Dans la nature, il n’y a que le soleil et les ombres...
Dans la nature, la couleur n’existe pas plus que la ligne ; donnez-moi un
morceau de charbon, et je vous ferai un tableau ; car toute la peinture est
dans les sacrifices et les partis pris...
EDOUARD MANET
Qui donc a dit que le dessin est l’écriture de la forme ? La vérité est que
l’art doit être l’écriture de la vie...
JEAN-AUGUSTE-DOMINIQUE INGRES
Il faut donner de la santé à la forme...
On ne finit que sur du fini...
MICHEL ANGE
Je n’ai jamais été un peintre et un sculpteur qui fait commerce de l’art.
Je m’en suis toujours gardé, pour l’honneur de ma race...
La peinture est une maîtresse jalouse, elle veut un homme tout entier...
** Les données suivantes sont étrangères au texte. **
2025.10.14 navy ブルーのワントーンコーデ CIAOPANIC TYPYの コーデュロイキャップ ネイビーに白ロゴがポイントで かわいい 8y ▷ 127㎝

Il est très bon et très utile de pouvoir travailler avec promptitude et
adresse. C’est un don de Dieu de pouvoir faire en peu d’heures ce que demande
de la part d’un autre plusieurs jours de travail... Ainsi celui qui travaillant
rapidement, ne laisse pas de peindre aussi bien que celui qui travaille
lentement, mérite les plus grands éloges. Mais si par cette célérité, il
dépasse les limites que l’art ne permet pas de franchir, mieux lui aurait valu
peindre avec plus de lenteur et d’étude ; car il ne faut pas qu’un bon artiste
se laisse entraîner par la fougue au point d’oublier ou de négliger son
principal but, la perfection...Dans les oeuvres de peinture, ce que l’on doit
chercher avec les plus grands efforts, c’est de faire en sorte qu’après y avoir
employé beaucoup de travail et de temps, elles aient l’apparence d’être faites
vite et sans peine...
HENRI MATISSE
Ordonner un chaos, voilà la création. Et si le but de l’artiste est de
créer, il faut un ordre dont l’instinct sera la mesure...
Le côté expressif des couleurs s’imposent à moi de façon purement
instinctive...
Ce qui m’intéresse le plus, c’est la figure...
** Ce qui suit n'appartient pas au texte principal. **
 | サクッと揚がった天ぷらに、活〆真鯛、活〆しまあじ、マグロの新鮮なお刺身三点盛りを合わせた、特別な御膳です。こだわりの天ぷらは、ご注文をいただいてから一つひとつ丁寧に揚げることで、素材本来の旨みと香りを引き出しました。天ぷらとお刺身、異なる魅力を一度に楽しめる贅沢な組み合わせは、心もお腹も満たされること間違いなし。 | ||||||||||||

Ce qui compte le plus dans la couleur, ce sont les rapports. Grâce à eux,
et à eux seuls, un dessin peut-être intensivement coloré, sans qu’il soit
besoin d’y mettre de la couleur...
Sans doute, il existe mille façons de travailler la couleur. Mais quand on
la compose, comme le musicien avec ses harmonies, il s’agit simplement de faire
valoir des différences...
Certes, la musique et la couleur n’ont rien de commun, mais elles suivent
des voies parallèles. Sept notes, avec de légères modifications, suffisent à
écrire n’importe quelle partition. Pourquoi n’en serait-il pas de même pour la
plastique ?...
Le choix de mes couleurs ne repose sur aucune théorie scientifique : il est
basé sur l’observation, sur le sentiment, sur l’expérience de ma sensibilité...
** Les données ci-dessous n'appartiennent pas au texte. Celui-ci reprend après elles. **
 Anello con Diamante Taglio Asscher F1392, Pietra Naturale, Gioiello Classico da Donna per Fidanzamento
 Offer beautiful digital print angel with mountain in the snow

Pour moi, je cherche simplement à poser des couleurs qui rendent ma
sensation... En étudiant les tableaux des peintres dont la connaissance des
couleurs repose sur l’instinct et le sentiment, sur une analogie constante de
leurs sensations, on pourrait sur certains points des lois de la couleur
reculer les bornes de la théorie des couleurs telle qu’elle est actuellement
admise...
ODILON REDON
Une des ressources les plus précieuses est l’introduction du noir et du
blanc. Le noir et le blanc sont, pour ainsi parler, des non-couleurs qui
servent, en séparant les autres, à reposer l’oeil, à le rafraîchir, alors
surtout qu’il pourrait être aussi fatigué par l’extrême variété que par
l’extrême magnificence. Suivant les proportions qu’on leur donne, suivant le
milieu où on les emploie, le blanc et le noir atténuent ou rehaussent les tons
voisins ; quelquefois, le rôle du blanc dans un tableau sinistre est celui que
joue en plein orchestre un coup de tam-tam. D’autres fois, le blanc peut-être
employé pour corriger ce qu’aurait de brutal la contiguïté de deux couleurs
franches telles que le rouge et le bleu...
GEORGES BRAQUE
... D’ailleurs, je dois vous dire là que je ne cherche jamais à définir les
choses, étant toujours porté vers une sorte « d’infinition ».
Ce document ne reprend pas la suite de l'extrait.